With the heated exchanges leading up to today's likely walkout by 12,000 Minnesota nurses, several air-clearing points need to be made:

The majority of Minnesota nurses are dedicated, professional caregivers who work extraordinarily hard. Those nurses don't deserve the "greedy" label used by some critics. In advocating for pay raises and benefits, their union is doing what a union does during contract talks.

At the same time, Minnesota nurses do not have a monopoly on patient safety concerns. The reality is that state hospitals consistently get high marks nationally for quality. The message sent by the union this week -- that nurses are the thin white line guarding patient safety -- unfairly dismisses the teamwork with physicians and other staff that makes Minnesota a health care standout. It also ignores the substantial investments made by Minnesota taxpayers and private health care organizations to track outcomes, make these measurements available to the public and focus shrinking resources on areas most in need of improvement.

On Wednesday, Minnesota Nurses Association spokesman John Nemo said there was "zero chance" of averting a one-day strike expected to begin at 7 a.m. today at 14 Twin Cities hospitals. Although the two sides remain far apart on wages and benefits, staffing is where both have really dug in. The impasse is one that hospitals have brought upon themselves. For too long in Minnesota and elsewhere, there's been a deal-with-it attitude as yet another patient has been wheeled into an already crowded unit.

Nurses absolutely shouldn't be stretched too thin; a growing body of data backs up their critical role in patient outcomes. But the question we have for Minnesota nurses is: Do they understand that they're going to the mat for an unproven staffing solution?

The Minnesota Nurses Association is unyielding in its contractual demands for fixed nurse-to-patient staffing ratios (for example, no more than two patients per nurse in labor and delivery). California is the only state to have legislated such ratios. And there's disagreement within nursing and the hospital industry about whether the 2004 measure has helped patients.

An analysis done earlier this year by the University of Pennsylvania's Linda Aiken found a lower death rate in California hospital patients than in two other states without fixed staffing requirements. One of Aiken's coauthors from the University of California, San Francisco cautions that the study doesn't prove that the ratios caused lower mortality, only that there was a correlation. The UCSF researcher, Joanne Spetz, also led a study by the nonpartisan California HealthCare Foundation, which found that "most of the quality measures analyzed for this study do not appear to have been directly affected by the increase in RN staffing." California hospitals also claim that other patient-safety improvements implemented during Aiken's study may have influenced her findings.
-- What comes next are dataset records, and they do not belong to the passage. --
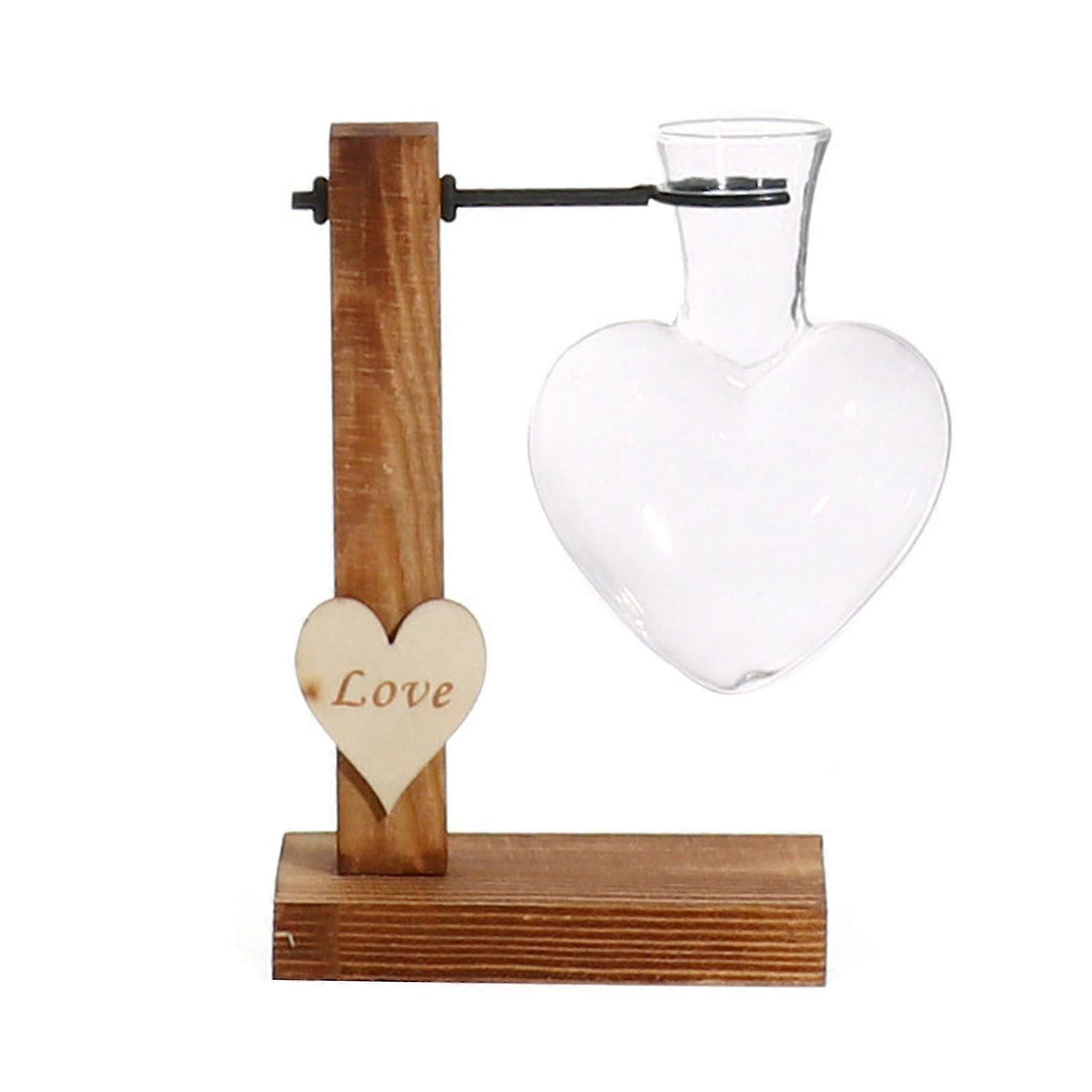 Hydroponic Glass Vase, Vintage Desktop Plant Terrarium Planter, Hydroponic Plant Pots with Retro Wooden Stand for Home Garden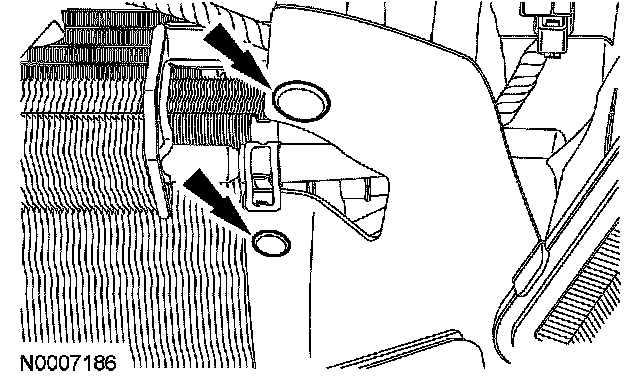 5. Remove the RH air deflector push pins. Position the air deflector aside.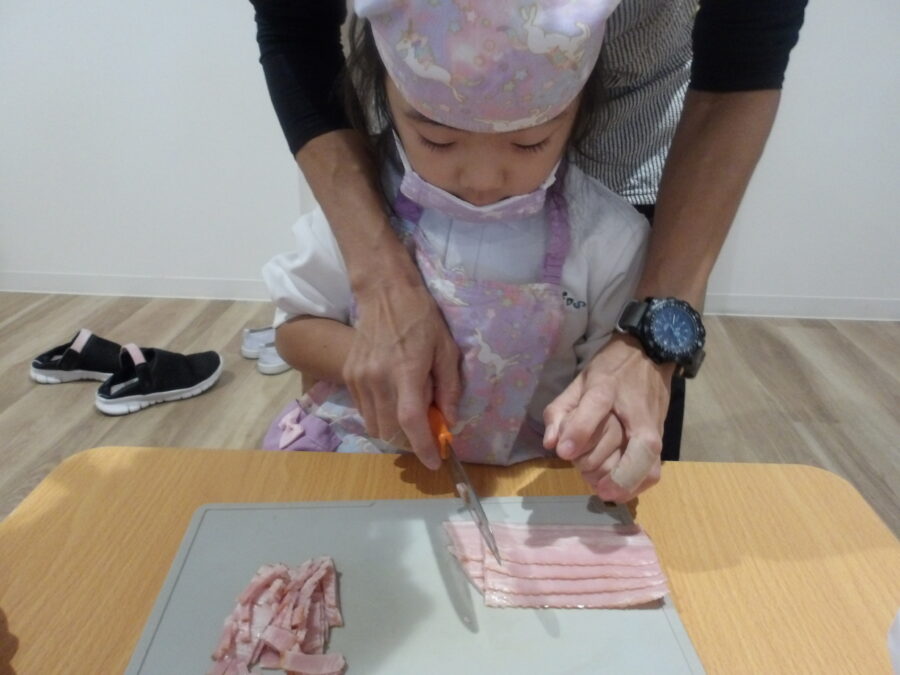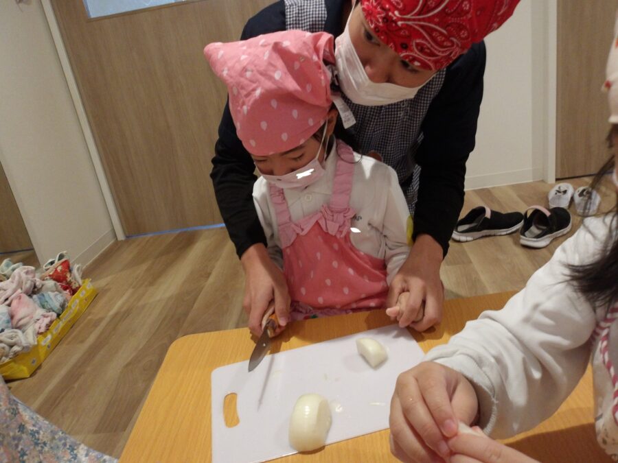 「これくらいかな〜?」「ストップ!!」とお友達と協力して測っていました😊まずは玉ねぎの皮をむきます!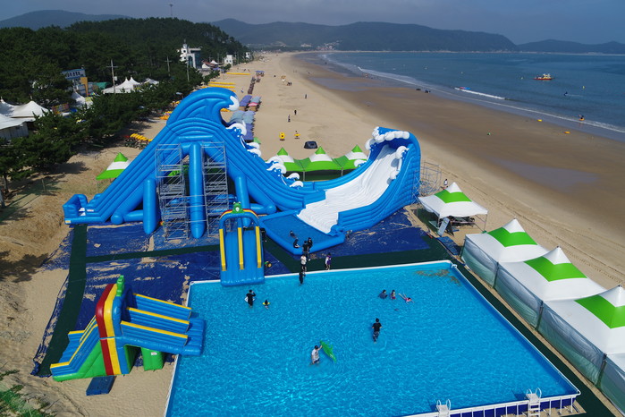 | ▲ 완도군 신지명사십리 해수욕장에 설치된 풀장에 에어바운스와 슬라이드 모습. |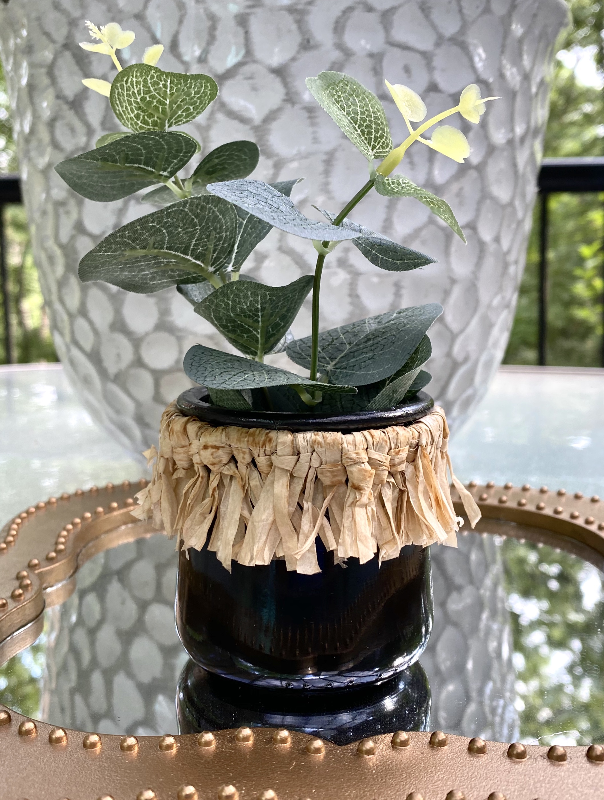 This beautiful boho greenery arrangement is just another way I have found to use a Oui yogurt jar.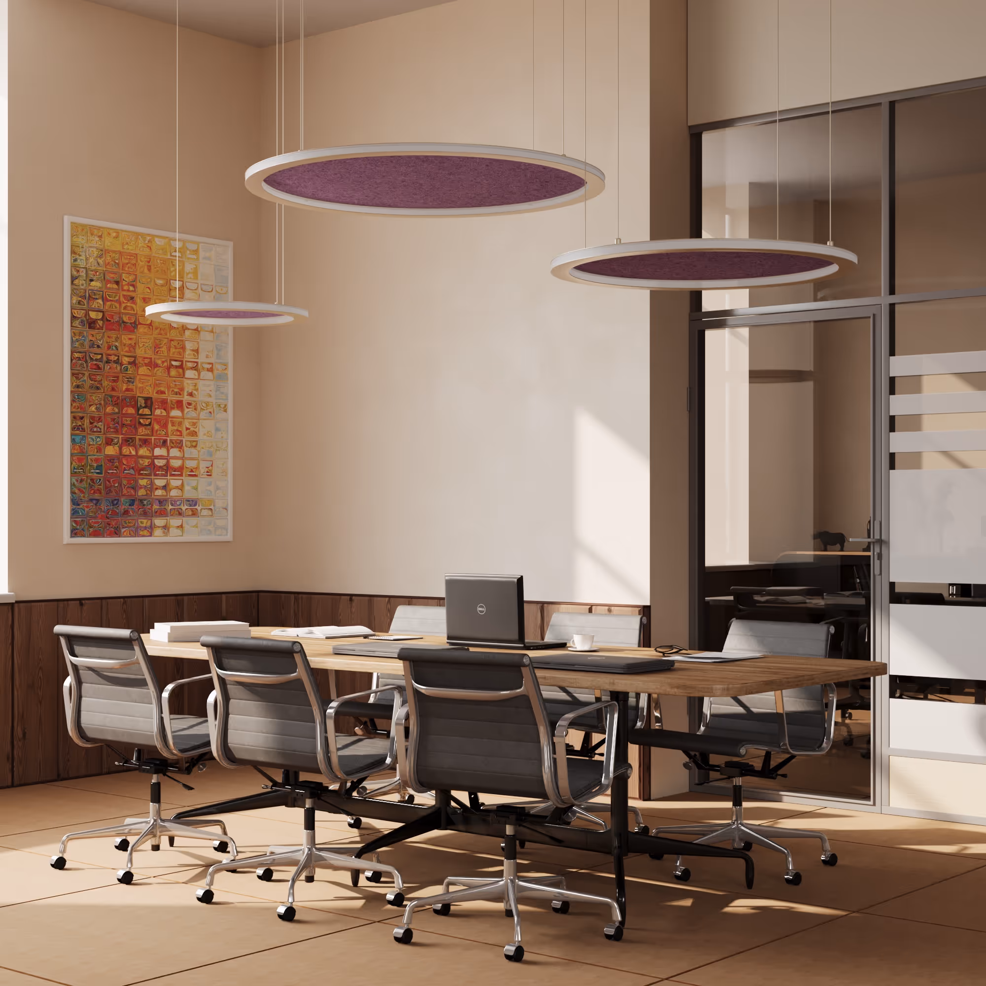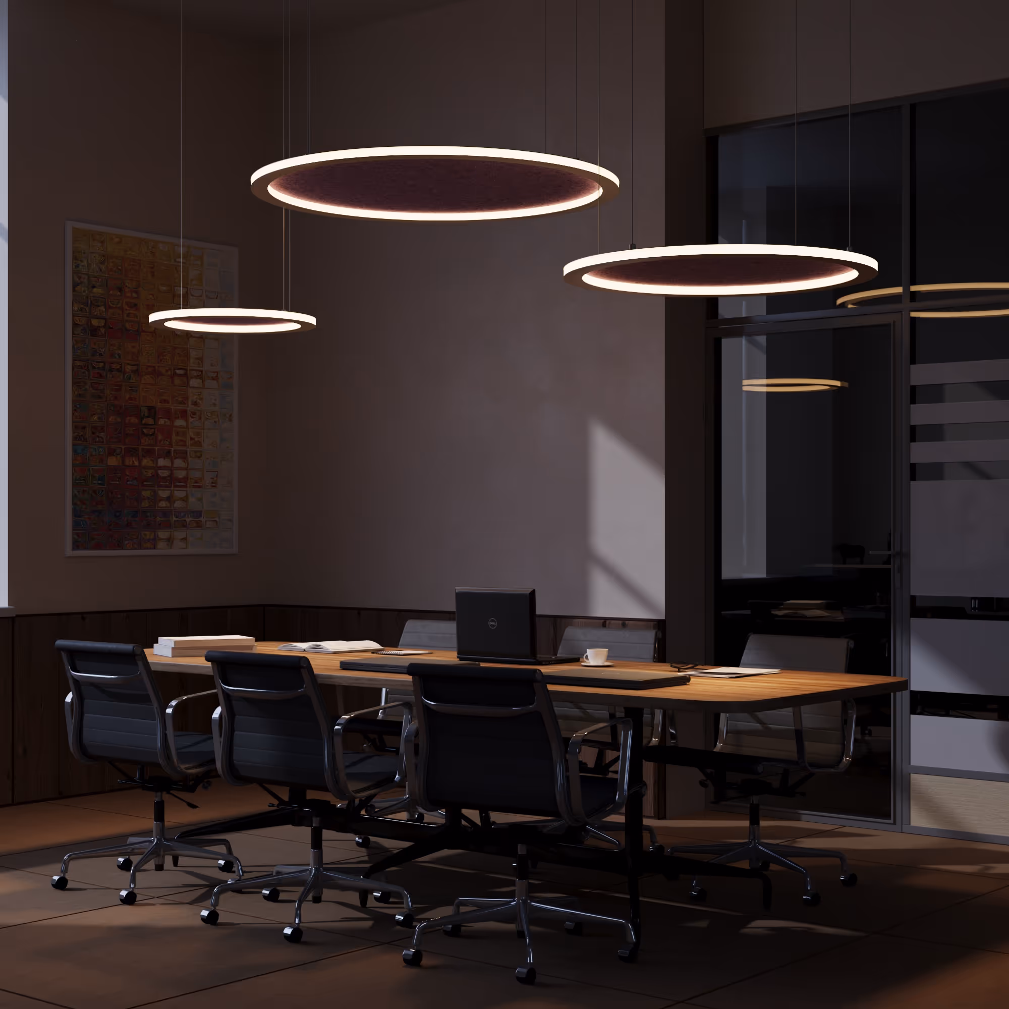 The LOOMA Acoustic Pendant combines high-efficiency LED lighting with advanced sound-absorbing materials, delivering both visual comfort and acoustic enhancement to modern interiors. Its 300° beam in-and-out distribution creates balanced illumination, while the sleek profile and wide range of finishes make it a versatile choice for offices, hospitality, and contemporary living spaces.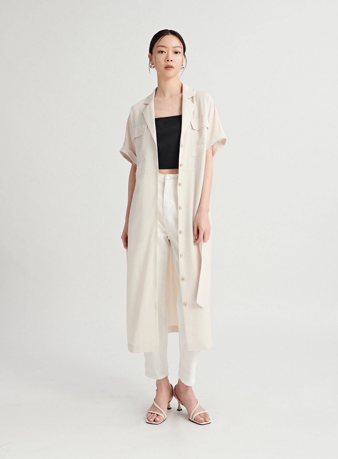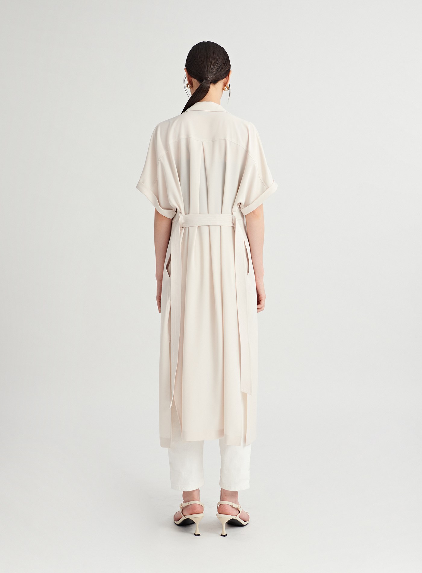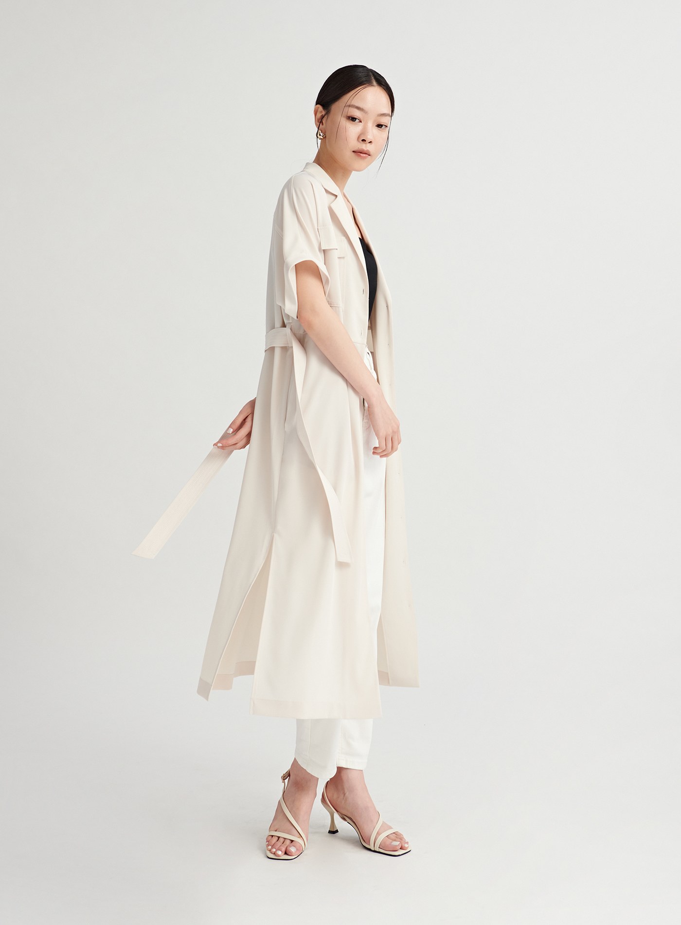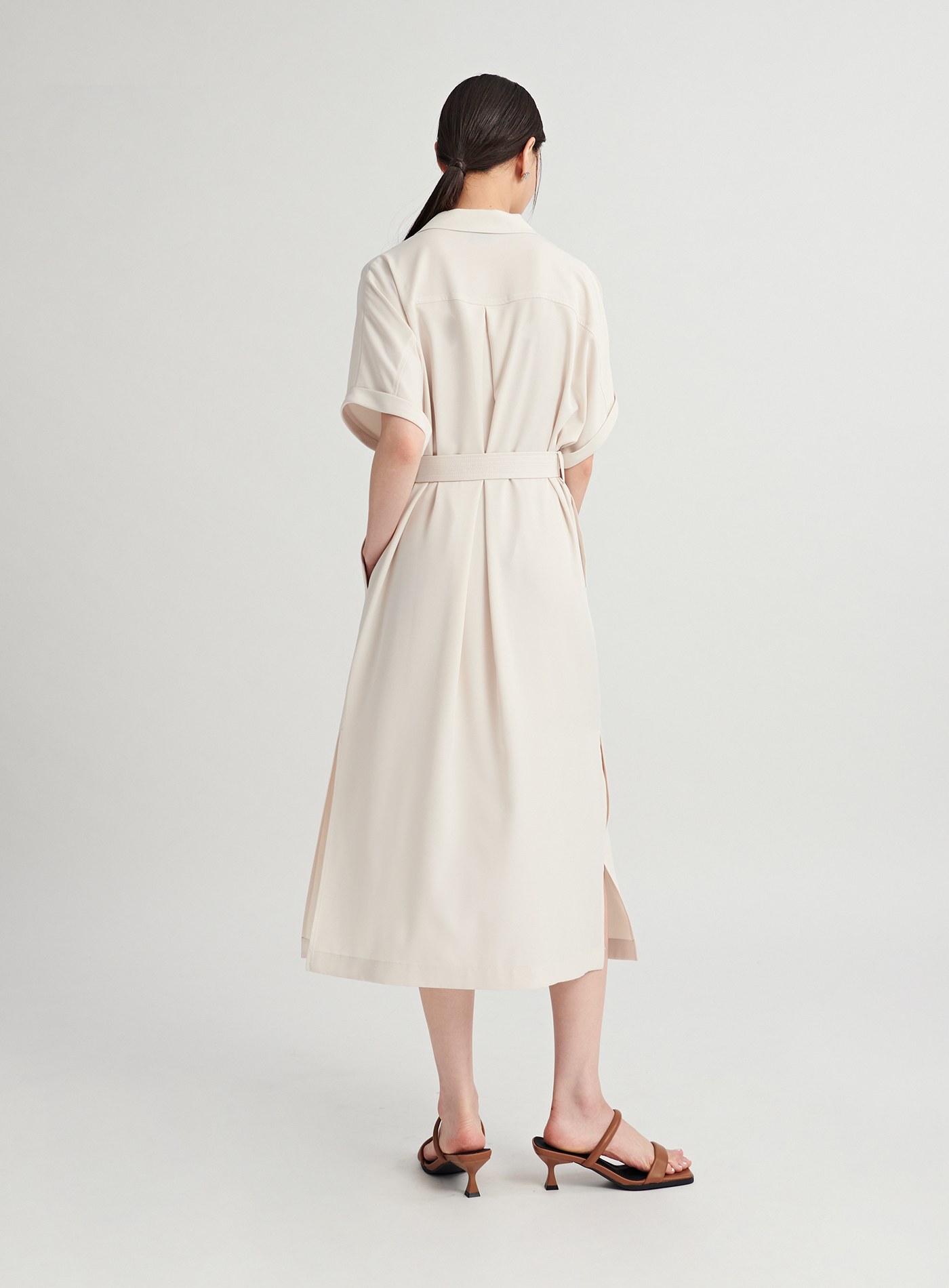 - 直身寬鬆洋裝剪裁,胸前口袋與腰帶壓粗線細節,增添率性感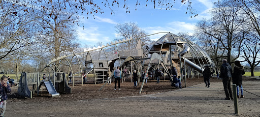 An für sich ist der Spielplatz schön angelegt und umgeben von Schatten spendenden Bäumen und ein paar (nicht sehr ausreichenden) Sitzmöglichkeiten. Die neue Konstruktion wirkt modern und der Spielbereich für die ganz kleinen ist nett aber viele Dinge sind nicht gut durchdacht oder/ und konstruiert: Die Röhren der Rutschen sind nicht rund sondern "modern" eckig und kantig. Der Effekt ist, dass die Kinder beim Rutschen hin und her geworfen werden, sich hierbei den Kopf oder die Schulter anhauen und zum Schluss mehr unten raus fallen als heraus gleiten. Die kinder reiben sich dann den Hintern... scheint also nicht sehr angenehm zu sein. Die Holzelemente sind auf einer Stahlträger Konstruktion angebracht. Insbesondere die Zwischenplattformen für den Aufstieg sind sehr niedrig, sodass sich die Kinder die Köpfe meist nicht am Holz sondern den heraus stehenden Stahlelementen anstoßen. Die Altersspanne, die der Spielplatz abdeckt ist sehr hoch doch die Kinder zwischen den Altersgruppen "sehr klein" und "Schulkind" kommen nicht sonderlich gut auf ihre Kosten: im großen Klettergerüst brauchen sie viel Hilfe, um überhaupt hoch zu kommen während der Bereich der ganz kleinen kaum Herausforderungen bietet. So bleibt vor allem Frust und gleichzeitig Langeweile über.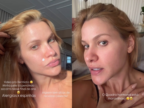 A influenciadora ainda pediu sugestões de receitas caseiras para melhorar a aparência de sua pele aos seguidores. “Antes, a alergia e a acne estavam no meu colo, mas agora atingiram meu rosto e pescoço. Não dá para ver bem no vídeo, mas há várias bolinhas internas. Infelizmente, não posso tomar antialérgicos ou Roacutan [medicamento para acne severa], então, o que podemos fazer?”, concluiu.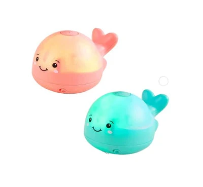 Whale bath toy sprays water from spout and lights up instantly when placed in water. Ages 18M+.

Nursing labor organizations are divided. The American Nurses Association (ANA), a longer-established labor organization that the Minnesota union broke away from, does not support fixed staffing ratios. Instead, it seeks more flexible strategies that reflect the unique needs of a hospital unit and are easier to modify as conditions change. Other states -- Texas, Oregon, Washington, Illinois and Ohio -- that have imposed statewide nurse staffing measures followed this path. The Minnesota union dismisses the ANA approach, saying it's an merely an "intellectual approach" to staffing.

The Minnesota strike comes at a time of a historic transformation and harsh realities in health care. No one is certain how federal reforms will play out. Health care's business model -- passing along unreimbursed care costs to private insurers -- is no longer workable. Nurses are putting their contract on the line for a rigid, controversial staffing formula in a health care era requiring maximum flexibility and new thinking. Are they absolutely certain that this one strategy is worthy of their sacrifice and support?